Exactly the lines from the one holding "11月,极狐汽车再次交出了一" through the end of the material below must be printed, nothing more, and the pictures must be dropped.

Segment Start: Supplied information

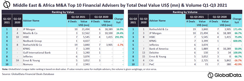 JP Morgan and Rothschild & Co were the top mergers and acquisition (M&A) financial advisers in the Middle East & Africa region for Q1-Q3 2021 by value and volume, respectively.
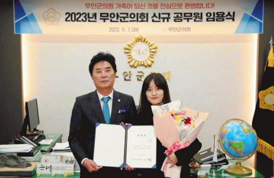 [¹Ìµð¾îÀü³² ±èÆÇ±¹ ±âÀÚ]¹«¾È±ºÀÇȸ´Â 11¿ù 7ÀÏ ±ºÀÇȸ ÀÇÀå½Ç¿¡¼ ½Å±Ô ÀÓ¿ëÇÑ Á¤Ã¥Áö¿ø°ü 1¸í(ÇàÁ¤9±Þ)¿¡°Ô ÀÓ¿ëÀåÀ» ¼ö¿©Çß´Ù. À̳¯ ÀÓ¿ëµÈ Á¤Ã¥Áö¿ø°üÀº ¡®2023³âµµ Á¦2ȸ Àü¶ó³²µµ Áö¹æ°ø¹«¿ø °ø°³°æÀï ÀÓ¿ë½ÃÇ衯¿¡¼ ¼±¹ßµÈ Àοø¡¦
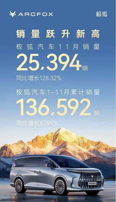 11月,极狐汽车再次交出了一份“2万+”的销量答卷:整月共售出25394台车,同比增长128.32%。
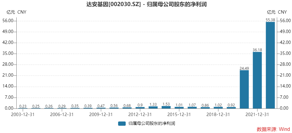 新冠疫情三年,给达安基因带来的变化巨大。达安基因上市至今十九年累计实现净利润127.96亿元,其中近三年的合计盈利高达116.05亿元,占比90%;在其余的十六年里,公司每年盈利在亿元上下,累计实现盈利不到12亿元。

Segment End: Supplied information

Solution to the exercise ::
 11月,极狐汽车再次交出了一份“2万+”的销量答卷:整月共售出25394台车,同比增长128.32%。
 新冠疫情三年,给达安基因带来的变化巨大。达安基因上市至今十九年累计实现净利润127.96亿元,其中近三年的合计盈利高达116.05亿元,占比90%;在其余的十六年里,公司每年盈利在亿元上下,累计实现盈利不到12亿元。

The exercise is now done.